## Activity
From the records below, print only the part that opens with the line containing "丁 因さんの総格は8画の4点!" and closes with the line containing "The MIRA Safety"; omit the pictures.

## Supplied entries
BEGIN
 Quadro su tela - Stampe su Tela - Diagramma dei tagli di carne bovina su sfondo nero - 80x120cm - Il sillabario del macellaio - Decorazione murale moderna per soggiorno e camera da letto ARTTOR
END
BEGIN
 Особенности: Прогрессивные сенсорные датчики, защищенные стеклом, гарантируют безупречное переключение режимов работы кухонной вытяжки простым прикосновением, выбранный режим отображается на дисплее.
END
BEGIN
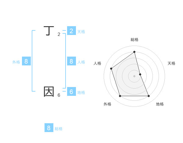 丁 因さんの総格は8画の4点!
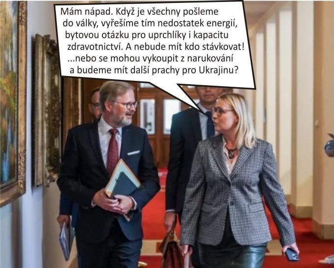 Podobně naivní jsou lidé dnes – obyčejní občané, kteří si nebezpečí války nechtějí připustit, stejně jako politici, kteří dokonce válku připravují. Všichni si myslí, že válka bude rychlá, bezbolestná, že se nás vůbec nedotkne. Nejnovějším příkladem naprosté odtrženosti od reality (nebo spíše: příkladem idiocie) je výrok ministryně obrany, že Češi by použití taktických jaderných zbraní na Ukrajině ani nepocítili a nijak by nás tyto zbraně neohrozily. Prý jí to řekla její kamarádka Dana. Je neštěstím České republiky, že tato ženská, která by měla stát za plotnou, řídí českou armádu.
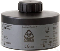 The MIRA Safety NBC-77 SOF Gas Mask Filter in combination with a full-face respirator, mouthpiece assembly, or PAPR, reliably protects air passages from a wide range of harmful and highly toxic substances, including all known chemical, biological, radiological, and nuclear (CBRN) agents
END
## Exercise output
 丁 因さんの総格は8画の4点!
 Podobně naivní jsou lidé dnes – obyčejní občané, kteří si nebezpečí války nechtějí připustit, stejně jako politici, kteří dokonce válku připravují. Všichni si myslí, že válka bude rychlá, bezbolestná, že se nás vůbec nedotkne. Nejnovějším příkladem naprosté odtrženosti od reality (nebo spíše: příkladem idiocie) je výrok ministryně obrany, že Češi by použití taktických jaderných zbraní na Ukrajině ani nepocítili a nijak by nás tyto zbraně neohrozily. Prý jí to řekla její kamarádka Dana. Je neštěstím České republiky, že tato ženská, která by měla stát za plotnou, řídí českou armádu.
 The MIRA Safety NBC-77 SOF Gas Mask Filter in combination with a full-face respirator, mouthpiece assembly, or PAPR, reliably protects air passages from a wide range of harmful and highly toxic substances, including all known chemical, biological, radiological, and nuclear (CBRN) agents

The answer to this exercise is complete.